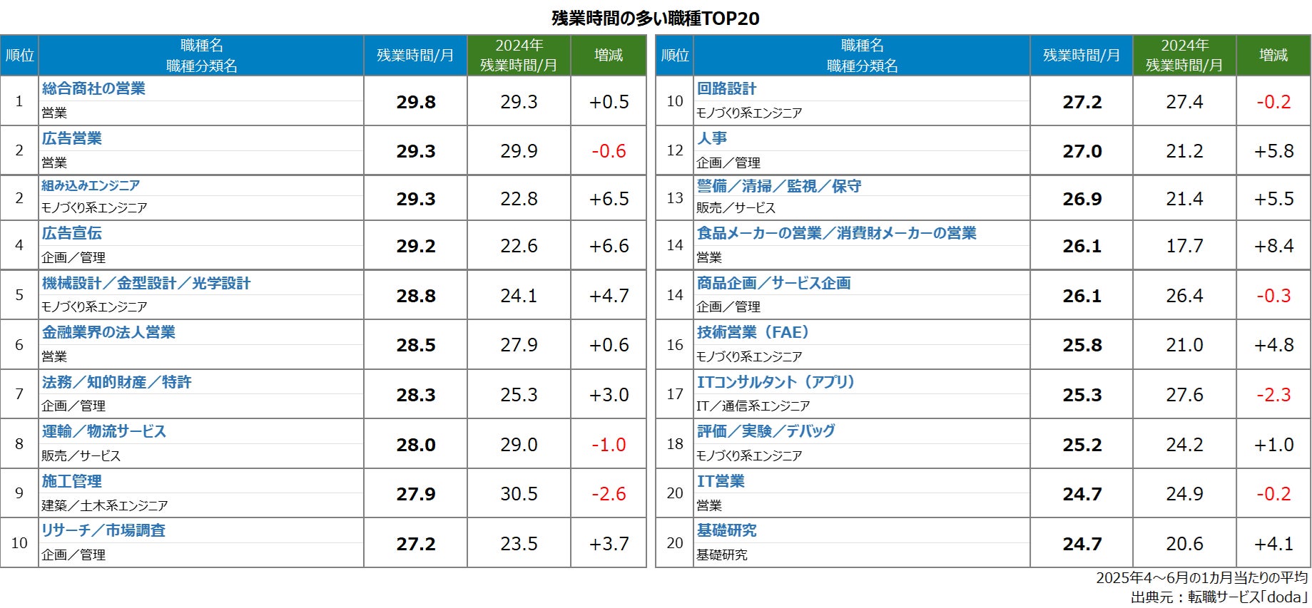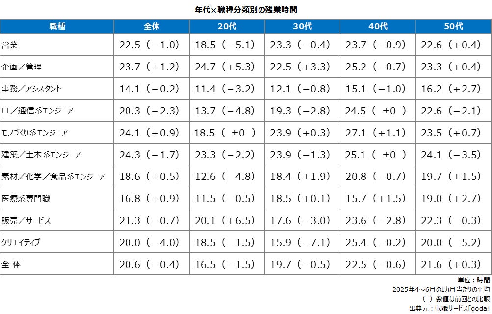 ※「平均残業時間の実態調査【2025年版】」= https://doda.jp/guide/zangyo/
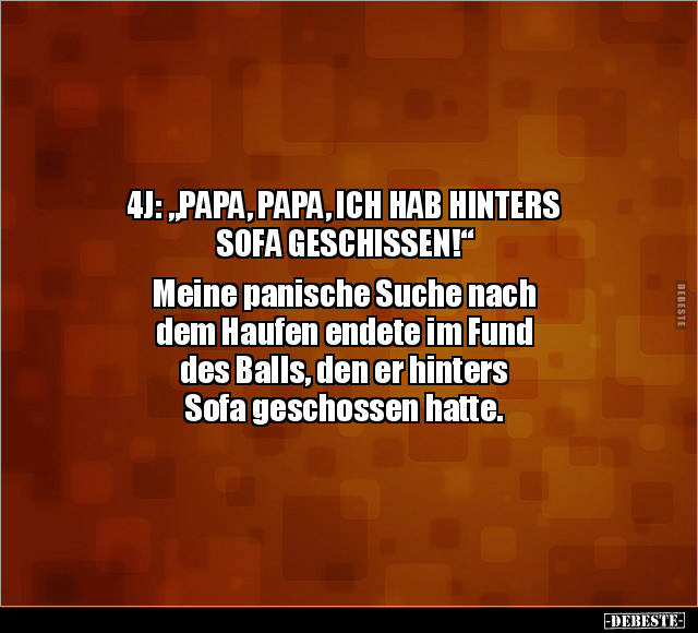 4J: „PAPA, PAPA, ICH HAB HINTERS SOFA GESCHISSEN!“ Meine panische Suche nach dem Haufen endete im Fund des Balls, den er hinters Sofa geschossen hatte.
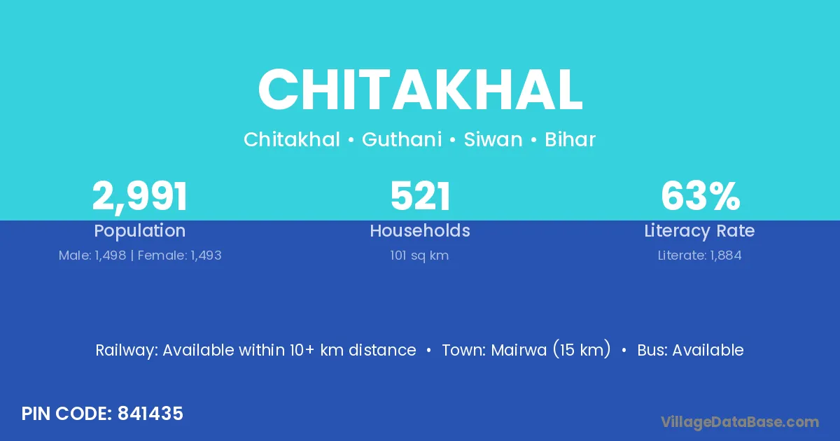 Mairwa (15 km) is the nearest town to Chitakhal village for major economic activities and is located approximately 15 km away.
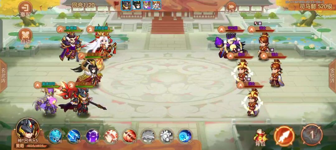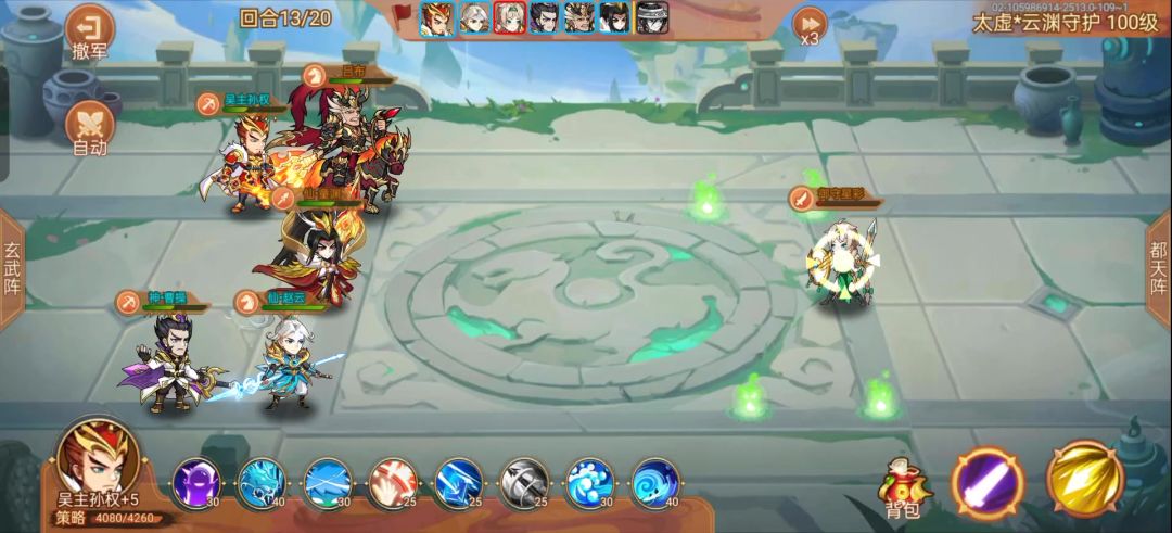 配置: 神曹,共鸣+4,3级天赋,带未启灵的琴。三星牢布,共鸣+5,带+9鞭子。童渊,带+5的剑。孙权,带印。星彩带启灵鞋子。 细节: 三个辅助放前面。牢布不能被放逐,被放逐到了直接退。有条件可以5个都超速曹丕,我是星彩开大后,童渊,曹操,孙权这三个超速。牢布尾速看情况,阵亡了就拉人,无阵亡情况的话,炮驾点月英。 我是,童渊前10回合有大点大,没大点飞镖。从第十一回合开始,奇数回合用飞镖,偶

EXERCISE. Any picture in the material is to be left out, and everything else is to be retyped as is.

THE COMPLETED TASK.
 ※「平均残業時間の実態調査【2025年版】」= https://doda.jp/guide/zangyo/
 4J: „PAPA, PAPA, ICH HAB HINTERS SOFA GESCHISSEN!“ Meine panische Suche nach dem Haufen endete im Fund des Balls, den er hinters Sofa geschossen hatte.
 Mairwa (15 km) is the nearest town to Chitakhal village for major economic activities and is located approximately 15 km away.
 配置: 神曹,共鸣+4,3级天赋,带未启灵的琴。三星牢布,共鸣+5,带+9鞭子。童渊,带+5的剑。孙权,带印。星彩带启灵鞋子。 细节: 三个辅助放前面。牢布不能被放逐,被放逐到了直接退。有条件可以5个都超速曹丕,我是星彩开大后,童渊,曹操,孙权这三个超速。牢布尾速看情况,阵亡了就拉人,无阵亡情况的话,炮驾点月英。 我是,童渊前10回合有大点大,没大点飞镖。从第十一回合开始,奇数回合用飞镖,偶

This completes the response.